Lawsuits expenses and market conditions that saw the price of uranium plunge, forced Canadian Energy Fuels Resources (TSX: EFR) to halt work at its uranium mine near the Grand Canyon national park in Arizona, U.S.
According to Associated Press, the Toronto-based company said the operation will be on hold until December next year or until a ruling is issued in a federal case challenging the U.S. Forest Service’s decision to allow mining near the Canyon.
Controversy around Energy Fuels’ project sparked in April this year, after the company announced it was going ahead with its Canyon Mine despite a 20-year ban on new uranium mining claims, passed by the Obama administration in 2012, that applies to the a 1 million-acre area around the park.

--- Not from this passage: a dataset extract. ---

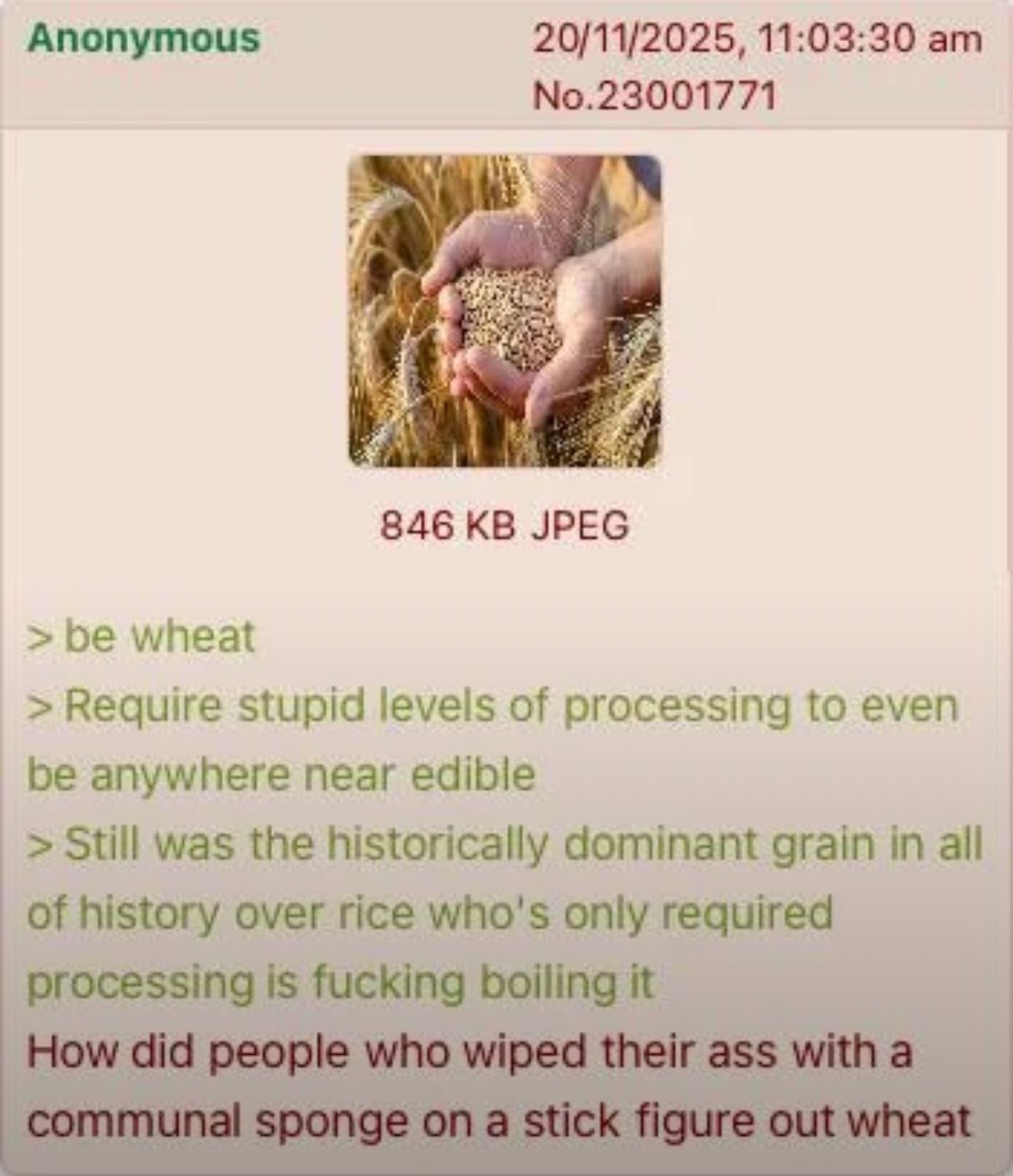 arrow-up1304arrow-down1imageAnon thinks about wheatsh.itjust.worksSine_Fine_Belli@lemmy.world to Science Memes@mander.xyzEnglish · 4 days agomessage-square61fedilinkfile-text

The company has clarified the ruling doesn’t affect its plans, as it obtained the rights for it almost two decades ago.
What does affect the company’s plans is the current price of uranium, which is trading at around $30 per pound on the spot market, its lowest in the last five years.
Uranium resources in the so-called Arizona Strip represent about 40% of the US reserves. The yellow element was mined extensively there after World War II for use in the government’s nuclear weapons program.
According to last year’s figures, uranium mining in the belt could create more than 1,000 jobs over a 40-year period, bringing $2 billion revenues in federal and state corporate income taxes, $168 million in state severance taxes and $9.5 million in mining claims payment and fees to local governments.